Which lines of the listing hold the string "shirt"? Copy those lines.

Data for the task Start Marker

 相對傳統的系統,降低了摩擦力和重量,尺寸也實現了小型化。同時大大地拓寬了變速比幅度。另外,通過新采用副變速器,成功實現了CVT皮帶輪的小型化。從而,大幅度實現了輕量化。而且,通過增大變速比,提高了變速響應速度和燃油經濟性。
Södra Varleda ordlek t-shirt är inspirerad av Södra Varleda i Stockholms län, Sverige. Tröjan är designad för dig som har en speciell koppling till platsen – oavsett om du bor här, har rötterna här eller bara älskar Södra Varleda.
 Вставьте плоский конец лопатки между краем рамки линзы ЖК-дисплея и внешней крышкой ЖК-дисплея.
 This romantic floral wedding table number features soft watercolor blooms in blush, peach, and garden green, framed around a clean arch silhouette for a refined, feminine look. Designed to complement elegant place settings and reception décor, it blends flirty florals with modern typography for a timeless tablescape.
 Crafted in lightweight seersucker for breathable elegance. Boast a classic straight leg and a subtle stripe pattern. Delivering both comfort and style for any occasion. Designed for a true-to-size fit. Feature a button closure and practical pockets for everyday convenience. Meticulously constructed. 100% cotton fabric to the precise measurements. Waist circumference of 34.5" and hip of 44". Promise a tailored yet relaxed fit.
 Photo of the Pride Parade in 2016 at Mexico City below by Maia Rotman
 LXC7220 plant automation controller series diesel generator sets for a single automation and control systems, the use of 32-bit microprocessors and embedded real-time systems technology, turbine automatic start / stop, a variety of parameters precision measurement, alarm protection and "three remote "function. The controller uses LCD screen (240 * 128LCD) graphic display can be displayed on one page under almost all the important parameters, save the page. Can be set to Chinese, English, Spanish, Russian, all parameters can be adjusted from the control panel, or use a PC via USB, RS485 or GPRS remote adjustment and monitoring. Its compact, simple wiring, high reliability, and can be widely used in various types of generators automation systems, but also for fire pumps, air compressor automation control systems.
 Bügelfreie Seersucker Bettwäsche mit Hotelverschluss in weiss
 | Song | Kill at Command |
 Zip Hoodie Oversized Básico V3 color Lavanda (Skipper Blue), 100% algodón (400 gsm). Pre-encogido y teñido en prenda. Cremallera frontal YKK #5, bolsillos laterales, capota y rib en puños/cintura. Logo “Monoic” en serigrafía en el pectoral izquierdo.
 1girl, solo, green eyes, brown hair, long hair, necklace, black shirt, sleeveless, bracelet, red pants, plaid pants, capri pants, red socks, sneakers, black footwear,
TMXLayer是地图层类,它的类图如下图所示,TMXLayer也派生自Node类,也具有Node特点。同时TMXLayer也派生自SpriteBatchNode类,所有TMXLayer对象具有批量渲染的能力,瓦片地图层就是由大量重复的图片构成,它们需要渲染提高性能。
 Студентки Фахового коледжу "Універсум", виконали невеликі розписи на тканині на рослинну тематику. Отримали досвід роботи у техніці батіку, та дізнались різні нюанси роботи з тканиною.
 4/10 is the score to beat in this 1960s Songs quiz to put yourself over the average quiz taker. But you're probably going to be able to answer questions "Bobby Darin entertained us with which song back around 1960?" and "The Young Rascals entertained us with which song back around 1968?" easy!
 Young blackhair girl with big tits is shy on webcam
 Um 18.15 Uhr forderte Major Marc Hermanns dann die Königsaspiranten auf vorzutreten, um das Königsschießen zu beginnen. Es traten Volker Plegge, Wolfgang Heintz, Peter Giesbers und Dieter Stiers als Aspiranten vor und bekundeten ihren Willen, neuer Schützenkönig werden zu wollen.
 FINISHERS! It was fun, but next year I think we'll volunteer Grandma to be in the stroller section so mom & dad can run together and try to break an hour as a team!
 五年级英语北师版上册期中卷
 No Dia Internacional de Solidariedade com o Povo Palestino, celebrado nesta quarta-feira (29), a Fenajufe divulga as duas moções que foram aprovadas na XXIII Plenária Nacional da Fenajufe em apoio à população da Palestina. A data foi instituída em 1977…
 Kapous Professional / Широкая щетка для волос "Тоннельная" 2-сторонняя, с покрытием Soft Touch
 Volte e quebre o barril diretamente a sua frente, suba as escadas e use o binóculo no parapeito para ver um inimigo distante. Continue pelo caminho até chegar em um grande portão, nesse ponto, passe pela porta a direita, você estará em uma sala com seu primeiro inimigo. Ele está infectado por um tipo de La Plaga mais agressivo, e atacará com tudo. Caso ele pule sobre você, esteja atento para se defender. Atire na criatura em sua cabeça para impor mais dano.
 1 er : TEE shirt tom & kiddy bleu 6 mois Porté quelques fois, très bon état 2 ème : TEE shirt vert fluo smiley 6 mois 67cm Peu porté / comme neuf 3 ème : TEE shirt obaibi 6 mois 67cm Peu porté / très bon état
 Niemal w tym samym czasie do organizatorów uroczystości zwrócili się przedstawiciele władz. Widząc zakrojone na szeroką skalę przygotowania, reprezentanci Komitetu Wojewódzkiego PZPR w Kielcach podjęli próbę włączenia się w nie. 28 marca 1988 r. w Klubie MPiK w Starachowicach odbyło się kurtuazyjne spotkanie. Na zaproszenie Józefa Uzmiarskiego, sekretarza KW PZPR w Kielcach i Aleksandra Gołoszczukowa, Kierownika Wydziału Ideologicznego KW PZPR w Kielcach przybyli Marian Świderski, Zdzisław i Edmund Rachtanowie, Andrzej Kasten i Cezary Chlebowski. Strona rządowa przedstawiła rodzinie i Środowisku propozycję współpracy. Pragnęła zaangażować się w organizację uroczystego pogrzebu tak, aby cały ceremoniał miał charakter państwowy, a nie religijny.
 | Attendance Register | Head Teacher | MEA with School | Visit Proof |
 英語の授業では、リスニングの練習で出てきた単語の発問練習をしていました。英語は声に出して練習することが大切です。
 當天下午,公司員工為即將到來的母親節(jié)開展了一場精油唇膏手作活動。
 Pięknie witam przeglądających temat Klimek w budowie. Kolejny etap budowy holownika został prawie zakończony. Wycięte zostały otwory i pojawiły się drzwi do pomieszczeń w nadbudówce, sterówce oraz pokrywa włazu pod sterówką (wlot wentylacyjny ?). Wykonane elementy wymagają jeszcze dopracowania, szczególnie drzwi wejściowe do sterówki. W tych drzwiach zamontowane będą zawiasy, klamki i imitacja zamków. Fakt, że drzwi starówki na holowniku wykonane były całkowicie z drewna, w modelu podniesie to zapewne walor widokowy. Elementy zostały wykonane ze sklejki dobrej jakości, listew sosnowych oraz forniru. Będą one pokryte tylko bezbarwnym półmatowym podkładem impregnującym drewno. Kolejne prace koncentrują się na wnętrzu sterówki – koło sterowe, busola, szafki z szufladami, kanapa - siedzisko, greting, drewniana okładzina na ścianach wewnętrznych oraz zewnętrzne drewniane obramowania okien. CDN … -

Data for the task End Marker

**Answer box:**
Södra Varleda ordlek t-shirt är inspirerad av Södra Varleda i Stockholms län, Sverige. Tröjan är designad för dig som har en speciell koppling till platsen – oavsett om du bor här, har rötterna här eller bara älskar Södra Varleda.
 1girl, solo, green eyes, brown hair, long hair, necklace, black shirt, sleeveless, bracelet, red pants, plaid pants, capri pants, red socks, sneakers, black footwear,
 1 er : TEE shirt tom & kiddy bleu 6 mois Porté quelques fois, très bon état 2 ème : TEE shirt vert fluo smiley 6 mois 67cm Peu porté / comme neuf 3 ème : TEE shirt obaibi 6 mois 67cm Peu porté / très bon état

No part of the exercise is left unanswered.